• How to complete this task
In the records below, reproduce exactly the lines from the one containing "ボヘミアンスタイル、BOHO" through the one containing "下の長大なパノラマ写真(11", both included, and omit the pictures.

• Given records

::::

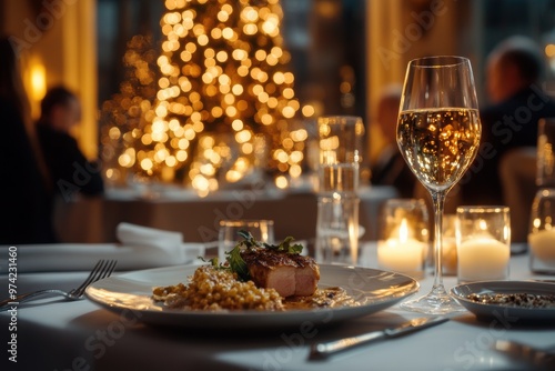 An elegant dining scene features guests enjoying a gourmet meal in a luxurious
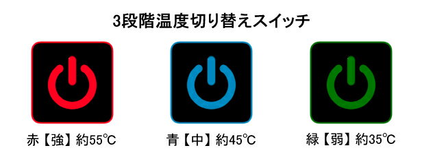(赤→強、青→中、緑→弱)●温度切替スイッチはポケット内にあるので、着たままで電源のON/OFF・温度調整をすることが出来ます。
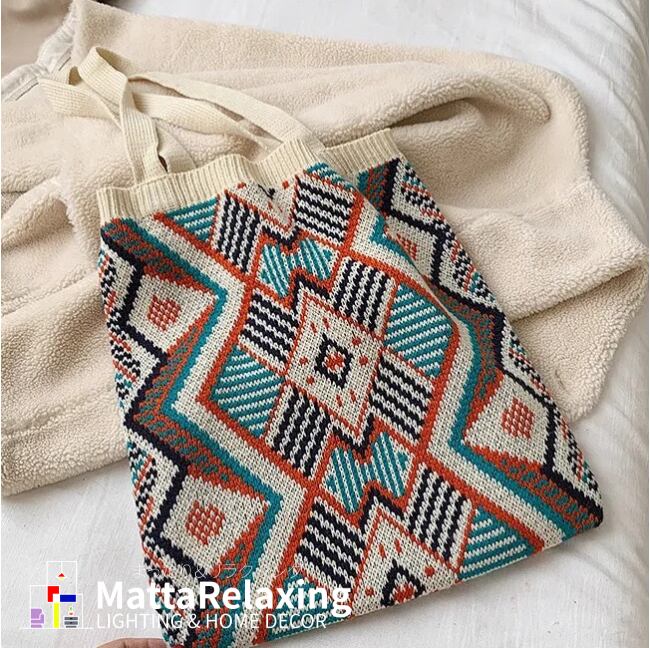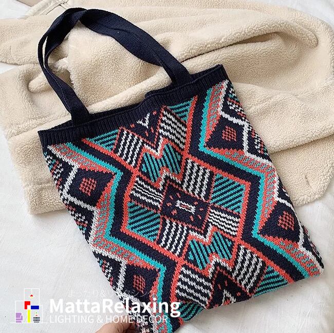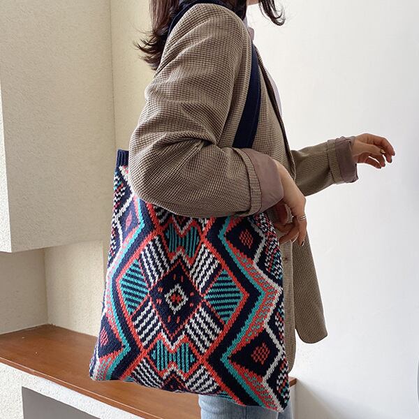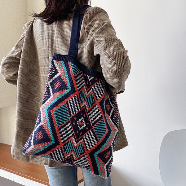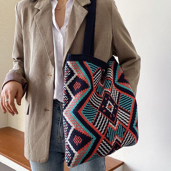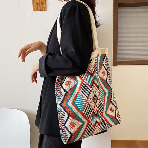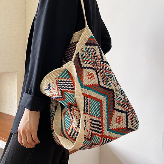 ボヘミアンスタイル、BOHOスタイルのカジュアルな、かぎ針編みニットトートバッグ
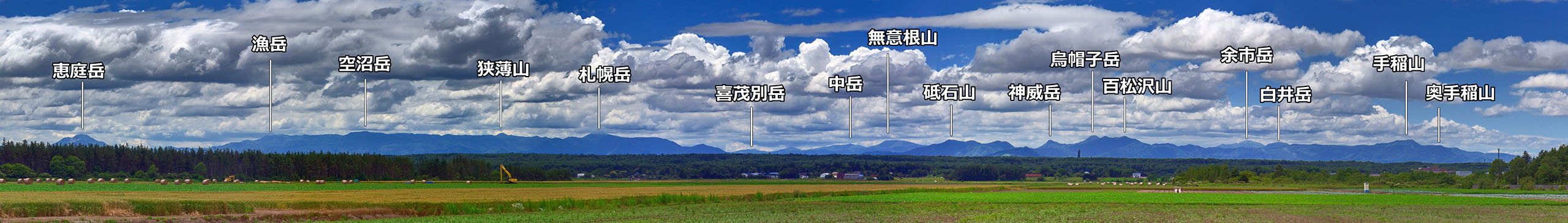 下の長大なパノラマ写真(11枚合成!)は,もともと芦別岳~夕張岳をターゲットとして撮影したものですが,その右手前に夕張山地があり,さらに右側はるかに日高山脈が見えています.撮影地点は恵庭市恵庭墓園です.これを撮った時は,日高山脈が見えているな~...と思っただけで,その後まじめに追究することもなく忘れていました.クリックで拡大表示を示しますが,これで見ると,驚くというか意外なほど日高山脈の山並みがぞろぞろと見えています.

::::

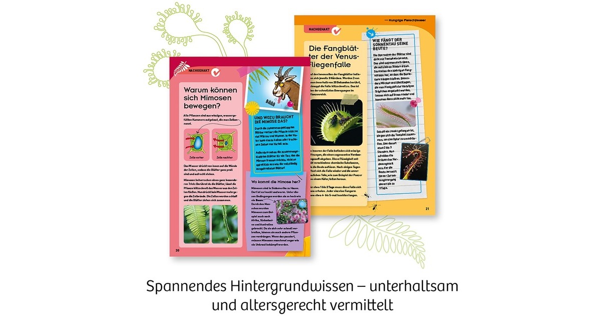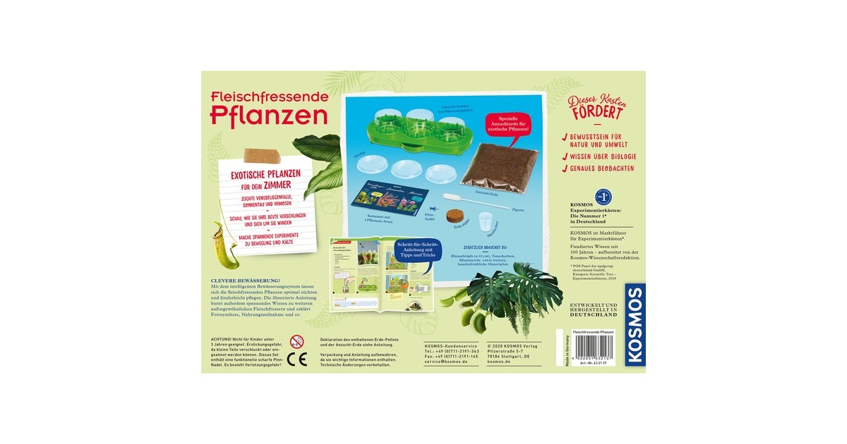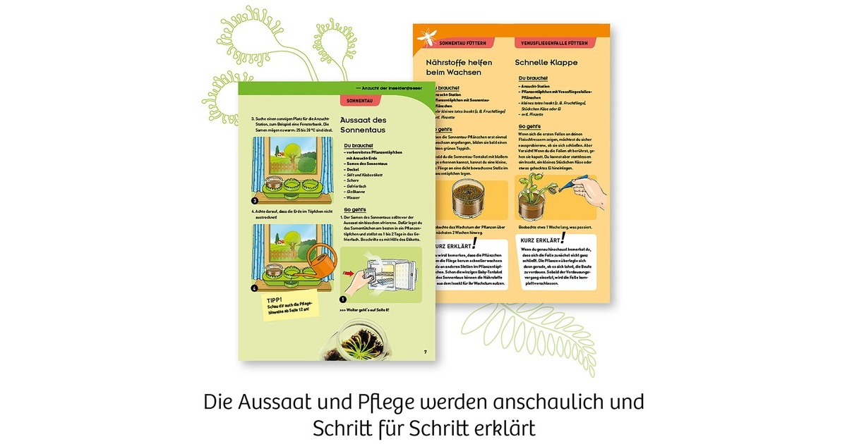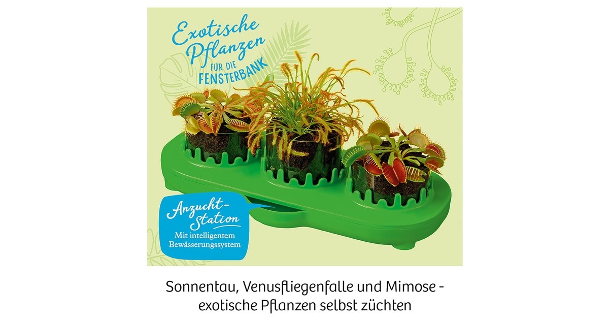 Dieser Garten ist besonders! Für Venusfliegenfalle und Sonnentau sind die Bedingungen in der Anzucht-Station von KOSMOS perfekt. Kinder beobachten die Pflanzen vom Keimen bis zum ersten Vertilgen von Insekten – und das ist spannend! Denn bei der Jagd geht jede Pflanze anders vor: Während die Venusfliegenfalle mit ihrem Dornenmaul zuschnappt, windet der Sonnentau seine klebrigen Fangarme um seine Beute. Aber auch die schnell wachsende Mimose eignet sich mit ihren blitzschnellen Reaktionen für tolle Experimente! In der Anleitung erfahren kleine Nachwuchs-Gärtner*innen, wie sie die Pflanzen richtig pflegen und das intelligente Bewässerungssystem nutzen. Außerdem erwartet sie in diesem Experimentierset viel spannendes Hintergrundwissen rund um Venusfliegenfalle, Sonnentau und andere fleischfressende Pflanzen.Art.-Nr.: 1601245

::::

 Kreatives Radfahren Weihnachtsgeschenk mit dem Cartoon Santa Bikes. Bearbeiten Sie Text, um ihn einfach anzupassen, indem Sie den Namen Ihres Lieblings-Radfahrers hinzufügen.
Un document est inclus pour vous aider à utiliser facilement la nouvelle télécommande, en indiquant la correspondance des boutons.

::::

• Solution to this exercise
 ボヘミアンスタイル、BOHOスタイルのカジュアルな、かぎ針編みニットトートバッグ
 下の長大なパノラマ写真(11枚合成!)は,もともと芦別岳~夕張岳をターゲットとして撮影したものですが,その右手前に夕張山地があり,さらに右側はるかに日高山脈が見えています.撮影地点は恵庭市恵庭墓園です.これを撮った時は,日高山脈が見えているな~...と思っただけで,その後まじめに追究することもなく忘れていました.クリックで拡大表示を示しますが,これで見ると,驚くというか意外なほど日高山脈の山並みがぞろぞろと見えています.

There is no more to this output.